-- SOURCE MATERIAL follows --

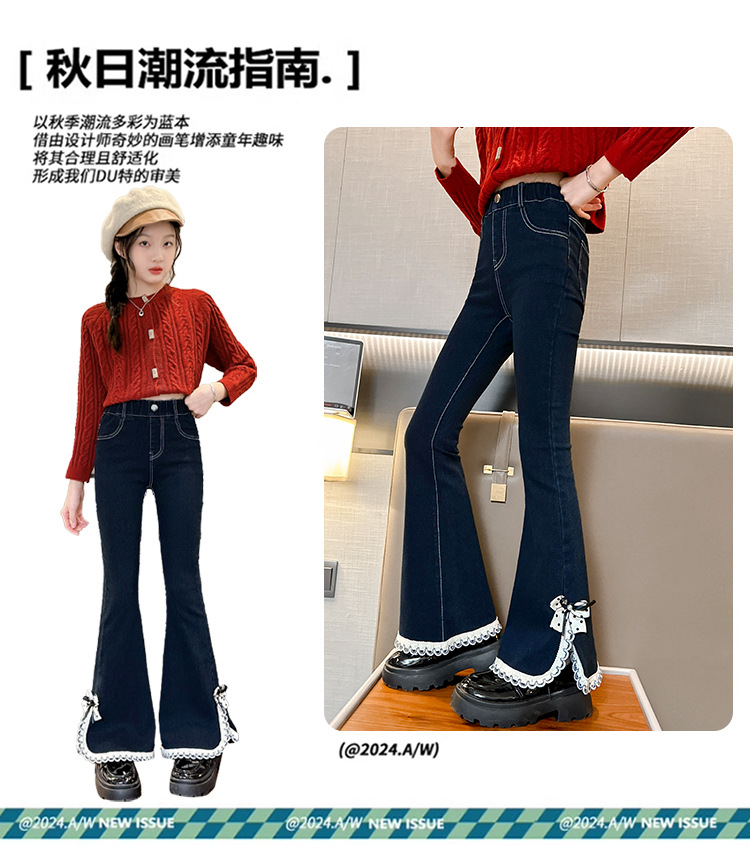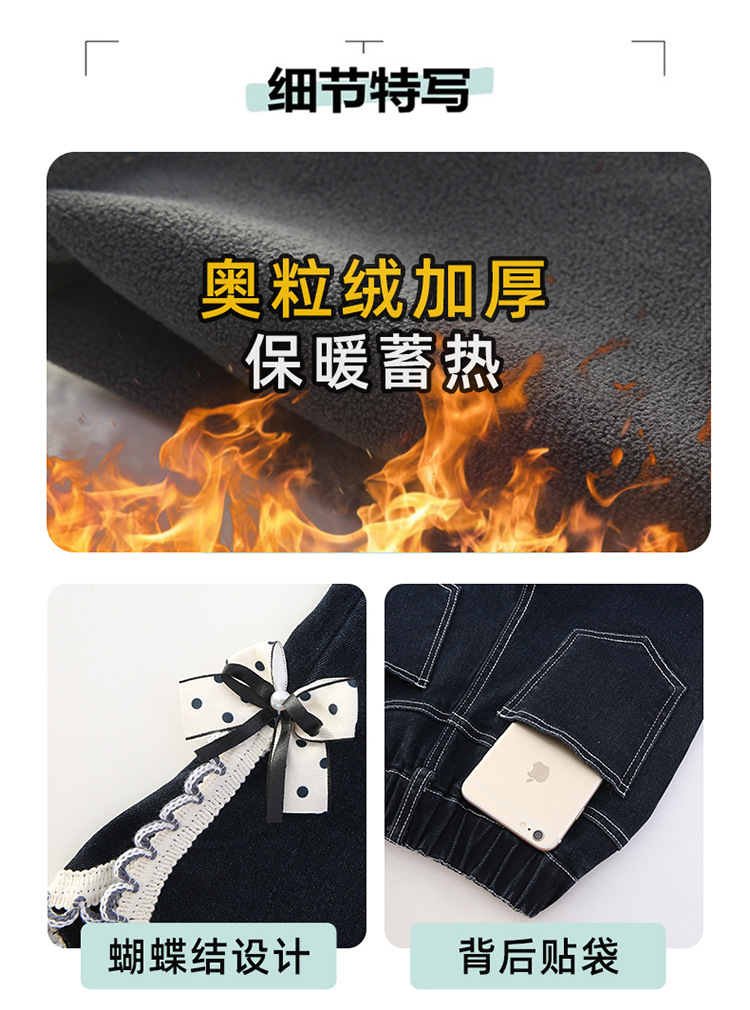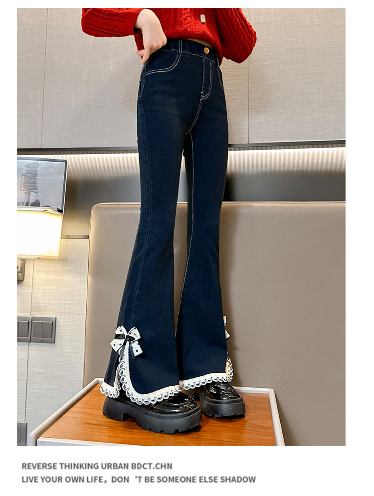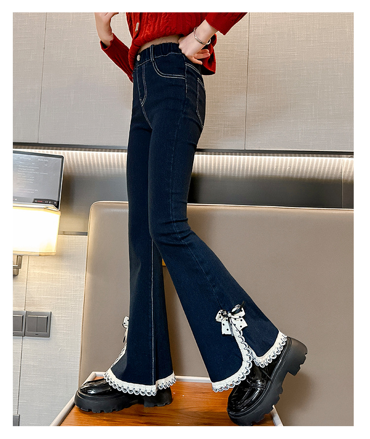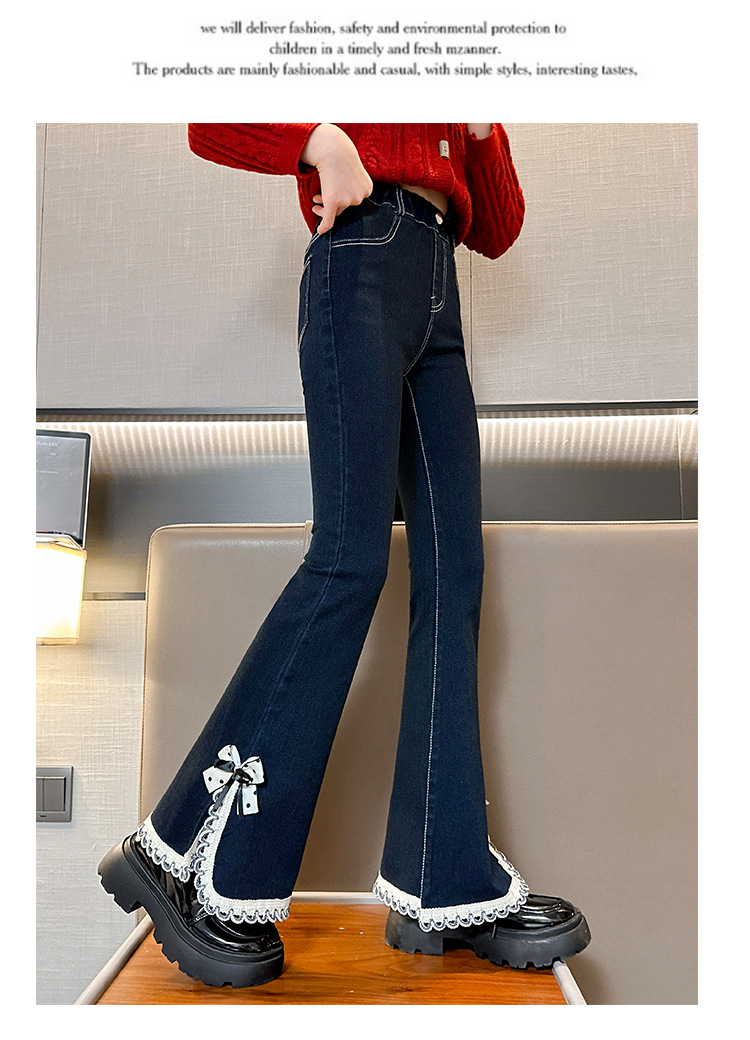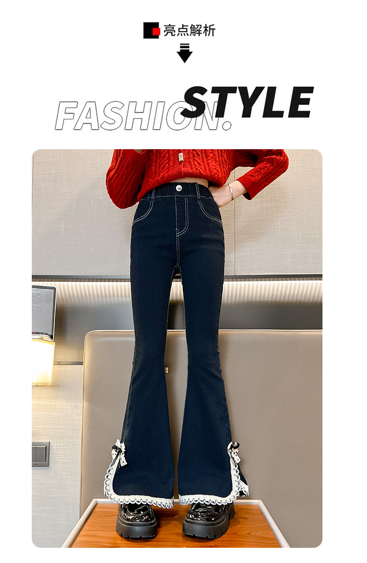 소녀 꽃 바지 봄과 가을 큰 어린이 유행 서양식 청바지 소녀의 가을과 겨울 기모 탄성 가을 어린이 바지스토어 가기
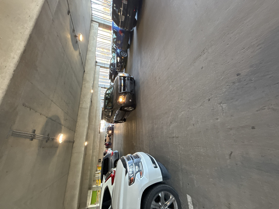 - "The image displays an interior scene within a multi-level concrete parking garage, consistent with the architectural style of garages found at The Ohio State University in Columbus, Ohio, United States, such as the Ohio Union South Garage or Ohio Stadium Garage, particularly noted by the distinctive exterior wall design featuring vertical, angled elements visible on the right, allowing natural light penetration" by FM-JRWws1, licensed under CC BY 4.0
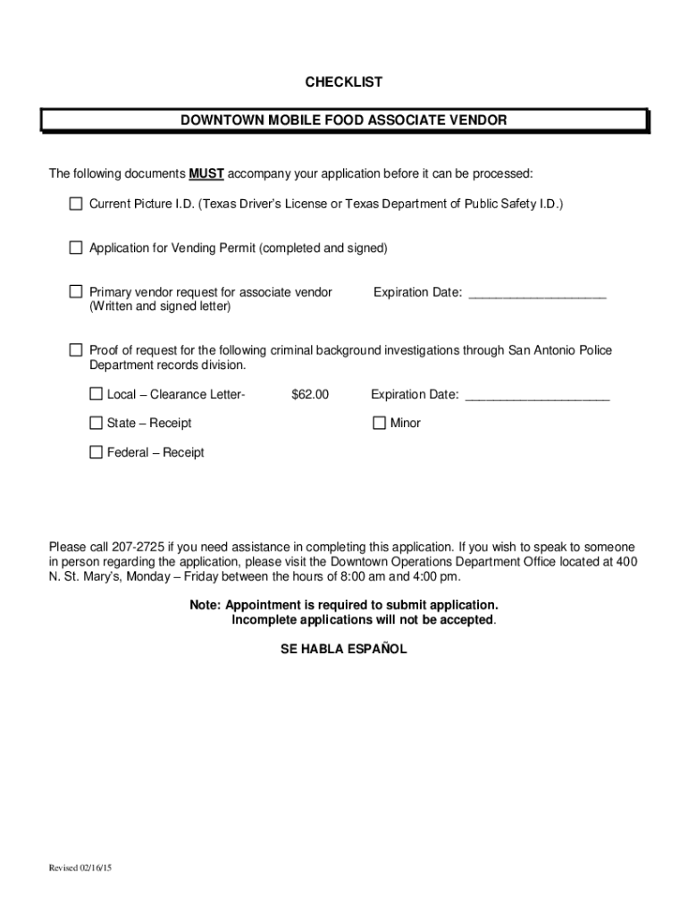 CHECKLIST DOWNTOWN MOBILE FOOD ASSOCIATE Vendor following documents MUST accompany your application before it can be processed: Current Picture I.D. (Texas Driver's License or Texas Department of

-- SOURCE MATERIAL concluded --

> TASK REQUIREMENTS
The answer should contain every line of the material exactly as written and no pictures.

> EXERCISE OUTPUT
 소녀 꽃 바지 봄과 가을 큰 어린이 유행 서양식 청바지 소녀의 가을과 겨울 기모 탄성 가을 어린이 바지스토어 가기
 - "The image displays an interior scene within a multi-level concrete parking garage, consistent with the architectural style of garages found at The Ohio State University in Columbus, Ohio, United States, such as the Ohio Union South Garage or Ohio Stadium Garage, particularly noted by the distinctive exterior wall design featuring vertical, angled elements visible on the right, allowing natural light penetration" by FM-JRWws1, licensed under CC BY 4.0
 CHECKLIST DOWNTOWN MOBILE FOOD ASSOCIATE Vendor following documents MUST accompany your application before it can be processed: Current Picture I.D. (Texas Driver's License or Texas Department of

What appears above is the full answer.